Dallo scorso anno il settore bancario russo ha iniziato una lenta ripresa, tuttavia il lancio di nuove sanzioni dirette principalmente contro gli oligarchi russi, le loro società e la capacità di fare business minaccia di inibire la ripresa, generando incertezza e minori investimenti. Ecco allora che le misure restrittive varate da UE e USA potrebbero avere un impatto molto significativo a medio e lungo termine sulla capacità di rifinanziamento delle principali società e banche nazionali. In questo scenario la Banca Centrale consente al rublo di fluttuare, da un lato deprezzandosi e generando inflazione, ma allo stesso tempo agendo anche come ammortizzatore per il conto delle partite correnti, previsto rimanere in attivo nel biennio 2018-2019.
Va inoltre considerato che la politica economica russa durante la precedente recessione è stata piuttosto prudente: nonostante il debito pubblico di circa il 12% del PIL e la pressione dei bassi prezzi del petrolio sul bilancio, il disavanzo pubblico è stato mantenuto entro margini accettabili. Ecco allora che, al fine di sostenere una maggiore spesa sociale nei prossimi anni, il governo prevede di aumentare l’imposta sul valore aggiunto dal 18% al 20% a partire dal gennaio 2019 e ha già innalzato l’età pensionabile. L’esecutivo ha confermato l’obiettivo di pareggio del bilancio entro il 2020, utilizzando un prezzo fisso del petrolio di 40 dollari al barile: eventuali entrate extra generate da un prezzo del petrolio più elevato potranno essere utilizzate per intervenire nel mercato valutario e per generare ulteriori riserve valutarie, per poter così allentare la dipendenza dai prestiti internazionali e perseguire una politica economica più indipendente.
Nonostante il continuo rimbalzo economico, secondo gli analisti le prospettive a lungo termine di tassi di crescita più elevati e sostenibili rimangono contenute, dal momento che le debolezze strutturali e l’impatto negativo delle sanzioni su produttività e investimenti continueranno a pesare sulla crescita. Il clima imprenditoriale russo è ancora fermo in materia di diritti di proprietà, infrastrutture deboli e mancanza di concorrenza nei mercati. Le autorità sembrano non essere ancora riuscite a cogliere l’opportunità di rafforzare la struttura economica del Paese e migliorare in questo modo il comparto non idrocarburi investendo in altri settori per diversificare l’economia dal settore dominante.
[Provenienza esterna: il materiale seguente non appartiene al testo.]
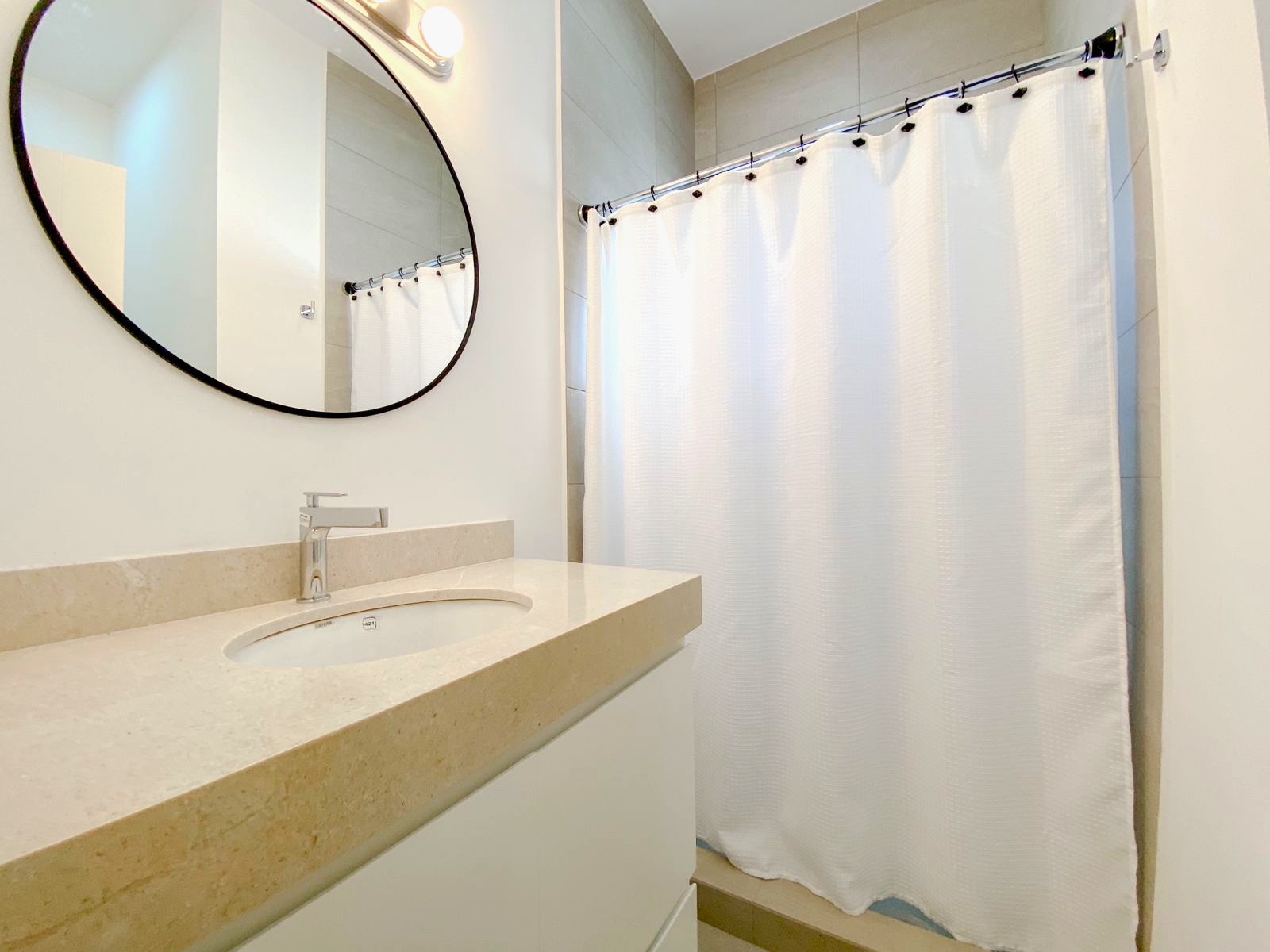 Recibidor, sala, comedor, cocina integral equipada y con isla, medio baño, lavandería, 1 Recámara con Walk-in Clóset y baño completo.

Esiste un deterrente di fondo per gli investimenti, assolutamente necessario per modernizzare il settore energetico e aiutare a diversificare l’economia: ancor prima dello scoppio della crisi ucraina, il livello degli investimenti era troppo basso e gli IDE erano troppo limitati a causa di un clima economico ostile e del controllo statale su vaste aree dell’economia. Ed è proprio questa debolezza il bersaglio delle ultime sanzioni internazionali imposte da UE e USA che mirano a impedire i trasferimenti di tecnologia e il finanziamento alle imprese russe, in particolare in settori critici come energia e armamenti.